Symfony 4 specific tasks for Capistrano v3 (inspired by capifony).

It leverages the following capistrano tasks to deploy a Symfony app

Version information

Version 1.x

This version is built for Symfony 2 and 3.

Go to Version 1 documentation.

Version 2.x

This version is built for Symfony 4.

You are currently on the Version 2 branch.

Installation

Specify your dependencies:

# Gemfile
source 'https://rubygems.org'
gem 'capistrano',  '~> 3.11'
gem 'capistrano-symfony', '~> 2.0.0'

Install your dependencies:

bundle install

When capistrano and capistrano-symfony is installed. Run the following command to set up your local files:

cap install

Make Capistrano aware of 'capistrano/symfony' by requiring capistrano-symfony in your new Capfile after require "capistrano/deploy".

# Capfile
# ...
require "capistrano/symfony"

If you use composer you might want this:

require "capistrano/composer"

Usage

cap staging deploy
cap production deploy

Settings

If you are using a standard Symfony Flex application that follows the best practises then you do not need to change/add anything to your deploy.rb other than what is required from Capistrano.

We do however expose the following settings (shown with default evaluated values) that can be modified to suit your project. Please refer to lib/capistrano/symfony/defaults.rb to see exactly how the defaults are set up.

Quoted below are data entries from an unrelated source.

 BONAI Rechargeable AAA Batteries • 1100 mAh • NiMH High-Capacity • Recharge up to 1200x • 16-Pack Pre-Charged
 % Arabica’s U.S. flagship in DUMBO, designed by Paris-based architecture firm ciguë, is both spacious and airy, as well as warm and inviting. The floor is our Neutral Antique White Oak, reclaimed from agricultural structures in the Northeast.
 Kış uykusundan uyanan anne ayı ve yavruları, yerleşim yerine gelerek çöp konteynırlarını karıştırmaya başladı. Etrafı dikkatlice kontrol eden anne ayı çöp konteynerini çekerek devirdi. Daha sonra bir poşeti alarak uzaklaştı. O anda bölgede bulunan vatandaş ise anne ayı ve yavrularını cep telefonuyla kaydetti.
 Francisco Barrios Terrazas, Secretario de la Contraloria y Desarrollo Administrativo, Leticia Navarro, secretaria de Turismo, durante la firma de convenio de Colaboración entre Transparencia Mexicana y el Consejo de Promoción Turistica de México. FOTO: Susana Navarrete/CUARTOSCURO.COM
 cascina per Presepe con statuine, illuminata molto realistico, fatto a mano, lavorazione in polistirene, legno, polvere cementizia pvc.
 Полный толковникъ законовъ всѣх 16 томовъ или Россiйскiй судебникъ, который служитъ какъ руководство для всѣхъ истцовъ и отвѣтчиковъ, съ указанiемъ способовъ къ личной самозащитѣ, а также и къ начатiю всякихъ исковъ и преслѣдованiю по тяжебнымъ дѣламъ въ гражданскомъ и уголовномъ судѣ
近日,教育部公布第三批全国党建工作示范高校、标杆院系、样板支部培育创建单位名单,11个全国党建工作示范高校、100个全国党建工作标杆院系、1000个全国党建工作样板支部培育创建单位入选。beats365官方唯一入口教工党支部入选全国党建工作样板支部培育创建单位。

# symfony-standard edition directories
set :bin_path, "bin"
set :config_path, "config"
set :var_path, "var"
set :web_path, "public"

# The next settings are lazily evaluated from the above values, so take care
# when modifying them
set :log_path, "var/log"
set :cache_path, "var/cache"

set :symfony_console_path, "bin/console"
set :symfony_console_flags, "--no-debug"

# asset management
set :assets_install_path, "public"
set :assets_install_flags,  '--symlink'

# Share files/directories between releases
set :linked_dirs, ["var/log"]
set :linked_files, []
# To use a .env file:
#set :linked_files, [".env"]

# Set correct permissions between releases, this is turned off by default
set :file_permissions_paths, ["var"]
set :permission_method, false

# Role filtering
set :symfony_roles, :all
set :symfony_deploy_roles, :all

# Add extra environment variables: 
set :default_env, {
 'APP_ENV' => 'prod'
 'SECRET' => 'foobar'
}

Flow

capistrano-symfony hooks into the flow offered by capistrano. It adds to that flow like so

  • symfony:create_cache_dir
  • symfony:set_permissions
  • symfony:cache:warmup
deploy
|__ deploy:starting
|   |__ [before]
|   |   |__ deploy:ensure_stage
|   |   |__ deploy:set_shared_assets
|   |__ deploy:check
|__ deploy:started
|__ deploy:updating
|   |__ git:create_release
|   |__ deploy:symlink:shared
|   |__ symfony:create_cache_dir
|   |__ symfony:set_permissions
|   |__ symfony:make_console_executable
|__ deploy:updated
|   |__ symfony:cache:warmup
|__ deploy:publishing
|   |__ deploy:symlink:release
|   |__ deploy:restart
|__ deploy:published
|__ deploy:finishing
|   |__ deploy:cleanup
|__ deploy:finished
    |__ deploy:log_revision

File permissions

Set the permission_method variable to one of :chmod, :acl, or :chgrp in your deploy.rb to handle the common scenario of a web user and the deploy user being different.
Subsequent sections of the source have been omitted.